Up to and including the line that contains "Escalier doré structural", repeat the entries below exactly from the first line on. Do not carry over any pictures.

→ **AVAILABLE DATA**

☆ ☆ ☆

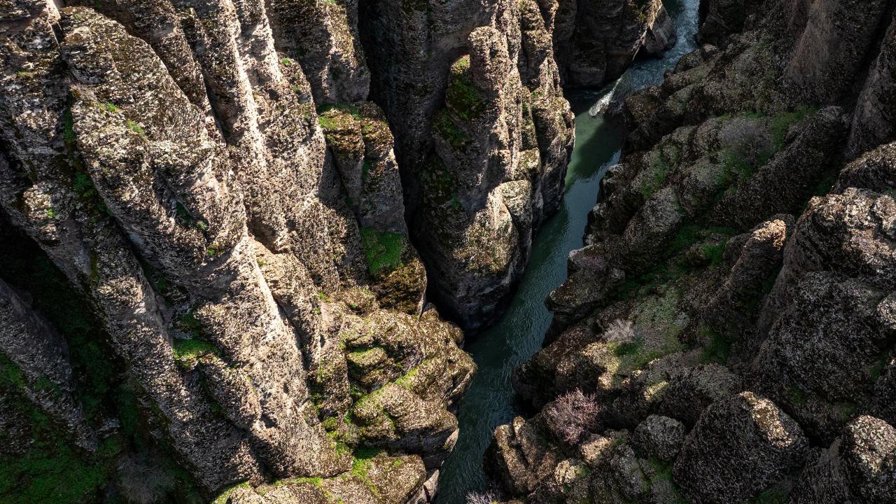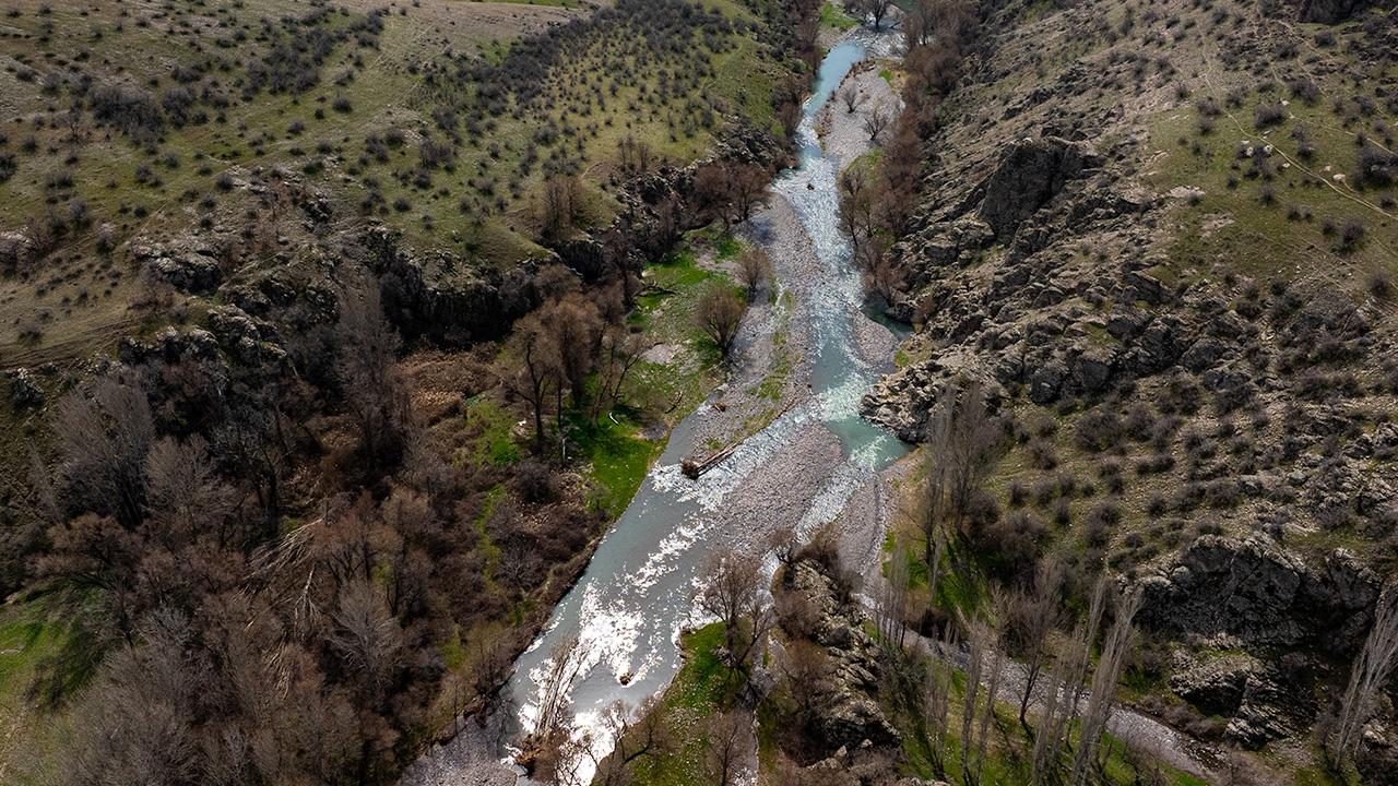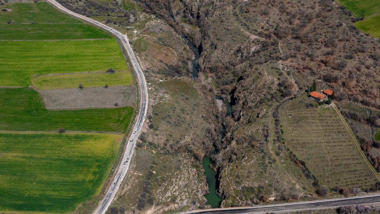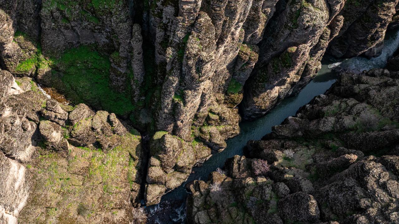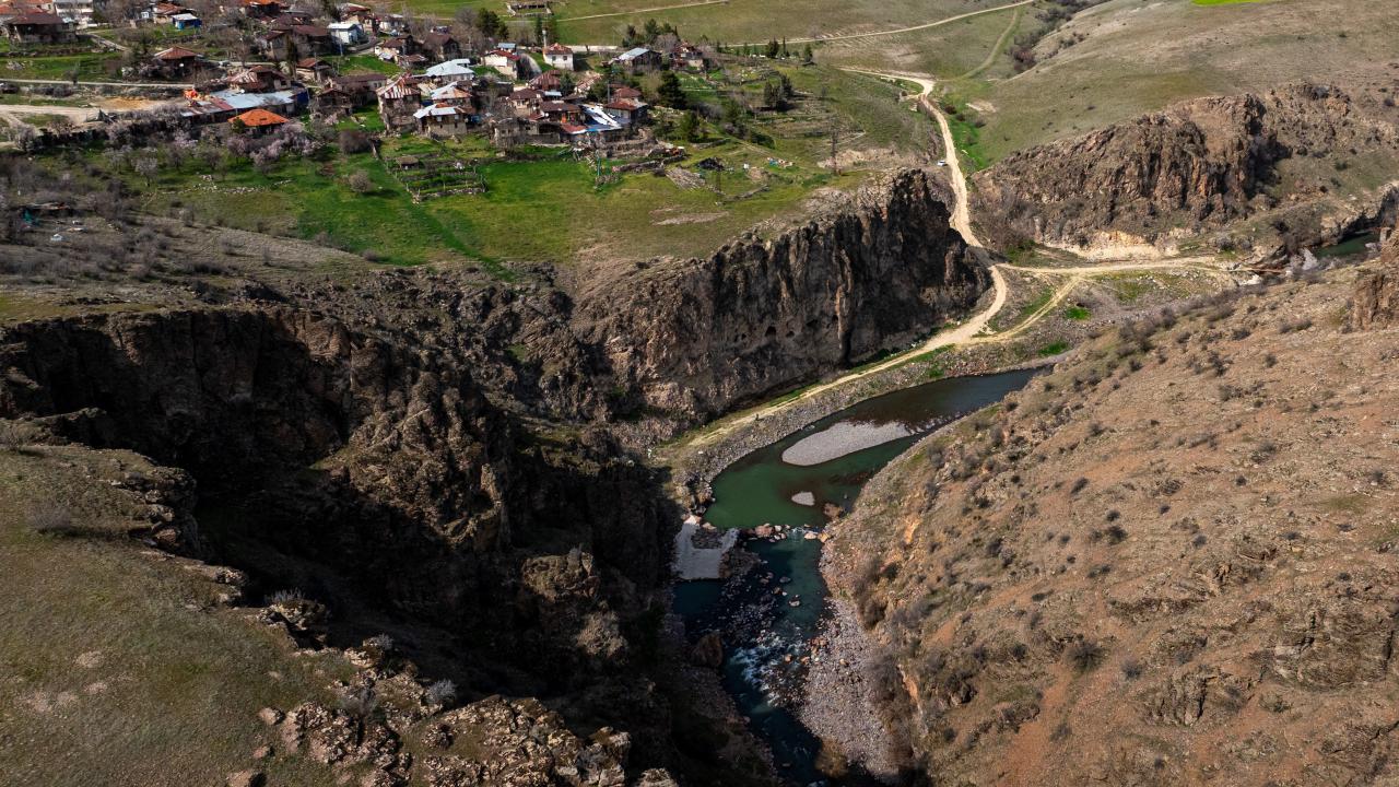 Ankara’nın Güdül ilçesinde bulunan Süvari Kanyonu, doğal yapısı ve etkileyici kaya oluşumlarıyla dikkat çekiyor. Özköy mevkiinde yer alan kanyon, su yatağı ve sarp kayalıklarıyla dron ile görüntülendi.
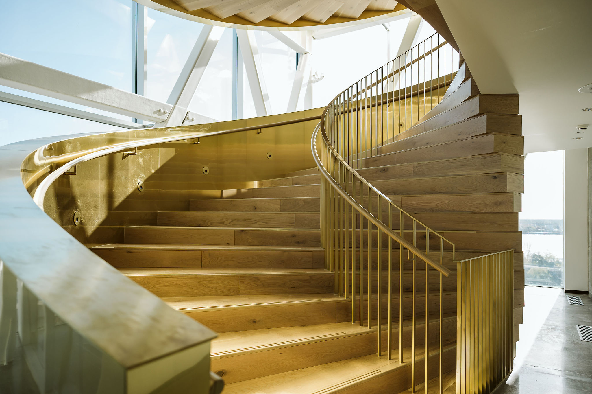 Escalier doré structural vers la cage de verre au niveau 13 (non disponible pour personne à mobilité réduite)
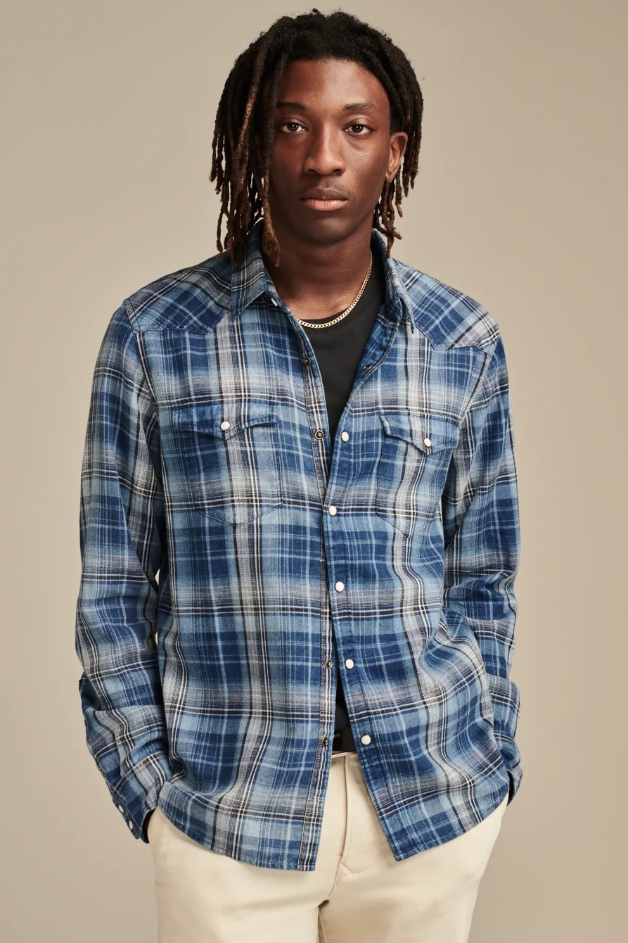 indigo plaid western long sleeve shirt
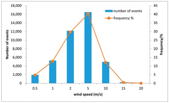 The wind at the comparison site at 10 m height [14], and during the comparison period, flowed mainly to the southeast direction, with wind speeds values indicated in Figure 1b:
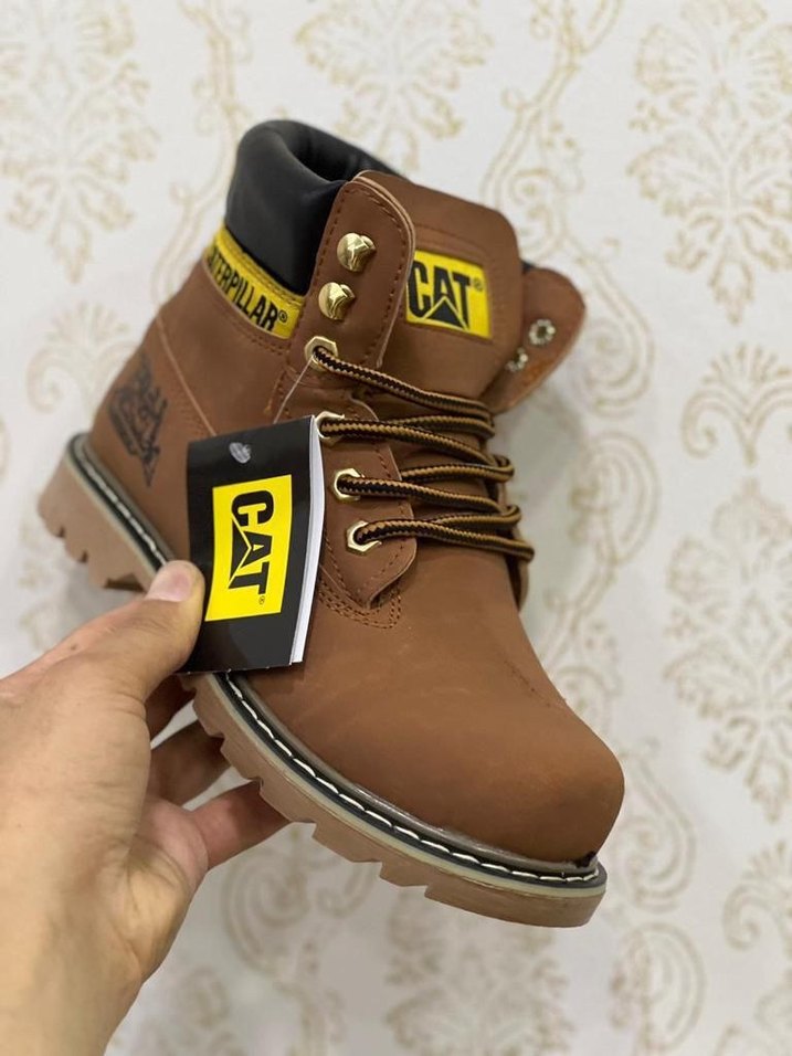 CAT markalı kahverengi kauçuk erkek botlar, bağcıklı ve günlük sokak stili için uygun, renkli ama desensiz tasarıma sahip. 43-44 Numarası Mevcut- Kutulu Gönderim
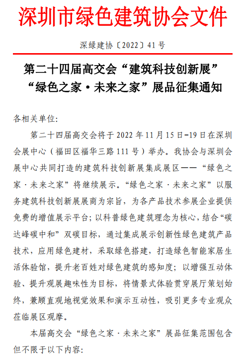 第二十四屆高交會“建筑科技創(chuàng)新展”“綠色之家·未來之家”展品征集通知
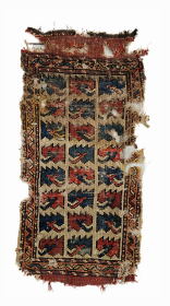 Richly coloured early Shah Savan soumac bagface, mounted, with incredible fine quality. Depicting a multi-coloured flock of double headed birds. The jewel ... read more
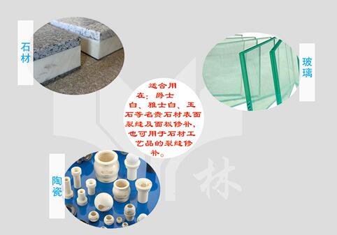 可用于石材與石材、石材與玻璃的復合、石材工業(yè)中用來補強、填補具有多孔及表面的裂紋、小孔洞、砂眼、螞蟻路以及凸凹不平的多種天然石材和混凝土、提高表面質(zhì)量、也可用于玻璃紗網(wǎng)加強易碎石板,提高成品率。
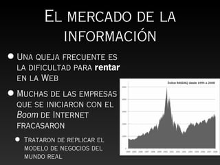 El documento discute nuevos modelos de negocios para los medios en la era digital. Señala que la publicidad ya no parece una buena fuente de ingresos debido a la abundancia de información gratuita. En cambio, sugiere enfocarse en entregar valor agregado a los clientes mediante el filtrado de contenido relevante y cobrar por contenido de alta calidad. También recomienda aprovechar las fortalezas tradicionales como la credibilidad y marca, y explorar nuevas fuentes de ingresos como suscripciones variables
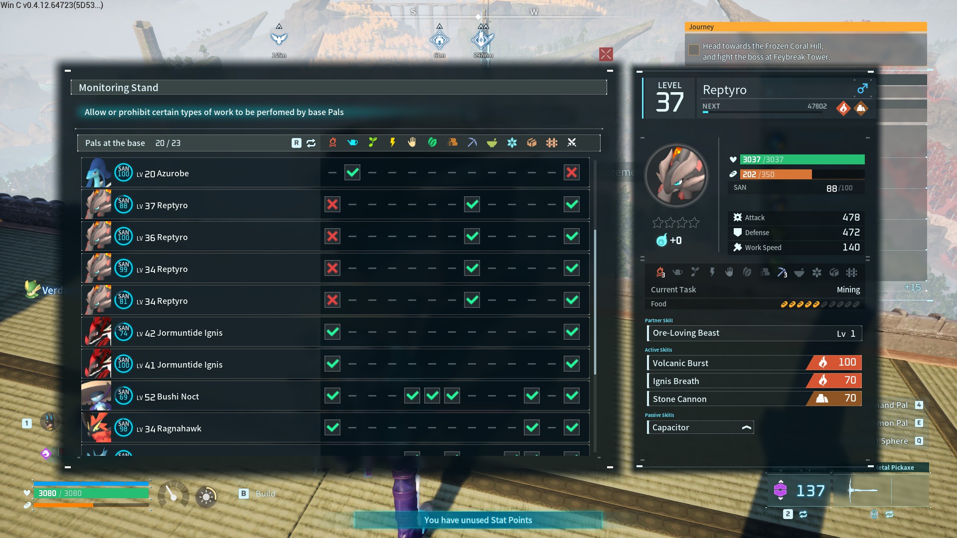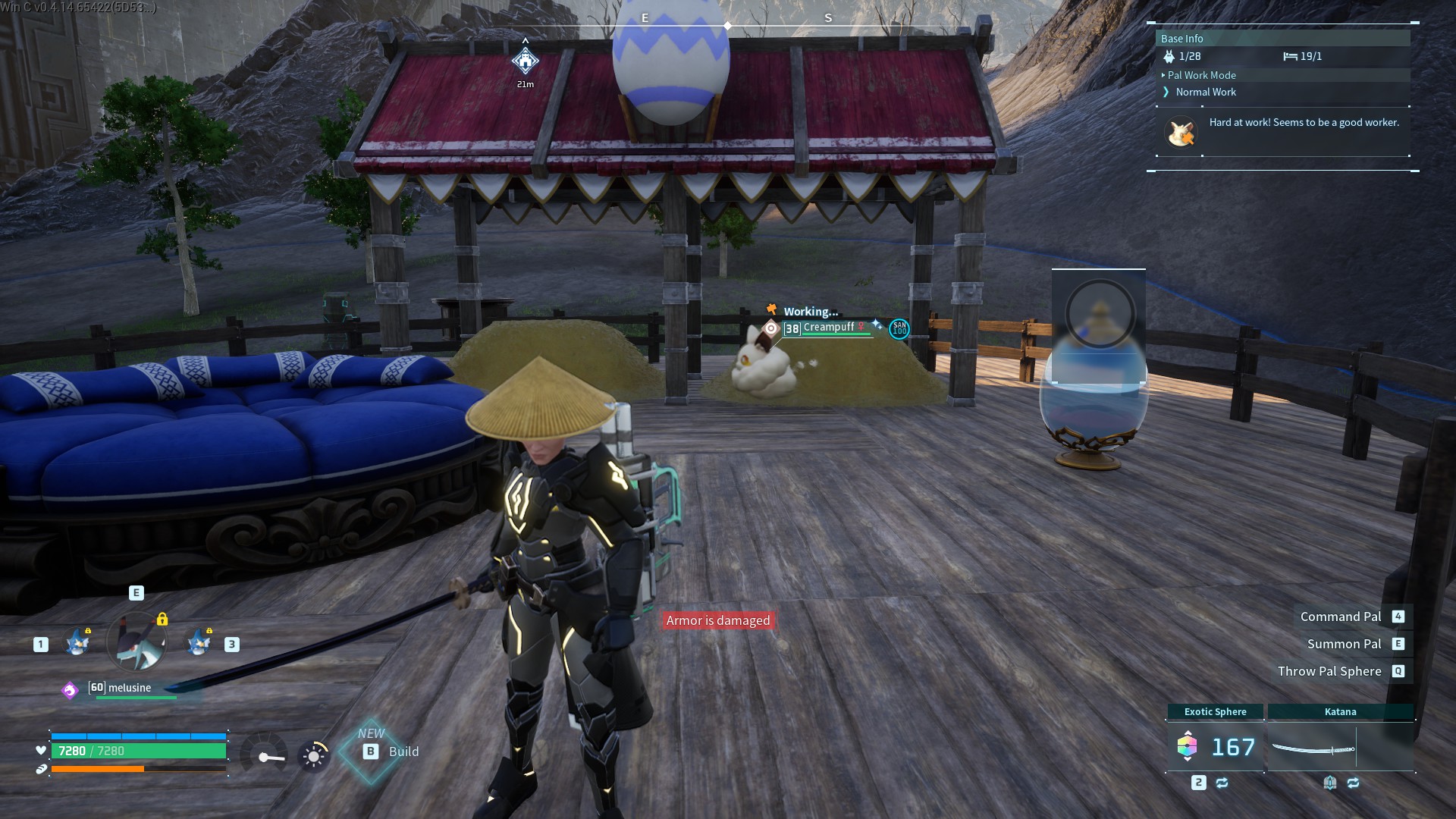 We last played in January and there's been some big patches since then. For those who don't know, it's a third person building/Pokemon capturing game. I think the term is "open world crafting survival" or something, but it's Japanese so it's cute and quirky. People called it "Pokemon with guns", which is kind of true for the atmosphere but it's more than that.

☆ ☆ ☆

→ **TASK RESULT**
 Ankara’nın Güdül ilçesinde bulunan Süvari Kanyonu, doğal yapısı ve etkileyici kaya oluşumlarıyla dikkat çekiyor. Özköy mevkiinde yer alan kanyon, su yatağı ve sarp kayalıklarıyla dron ile görüntülendi.
 Escalier doré structural vers la cage de verre au niveau 13 (non disponible pour personne à mobilité réduite)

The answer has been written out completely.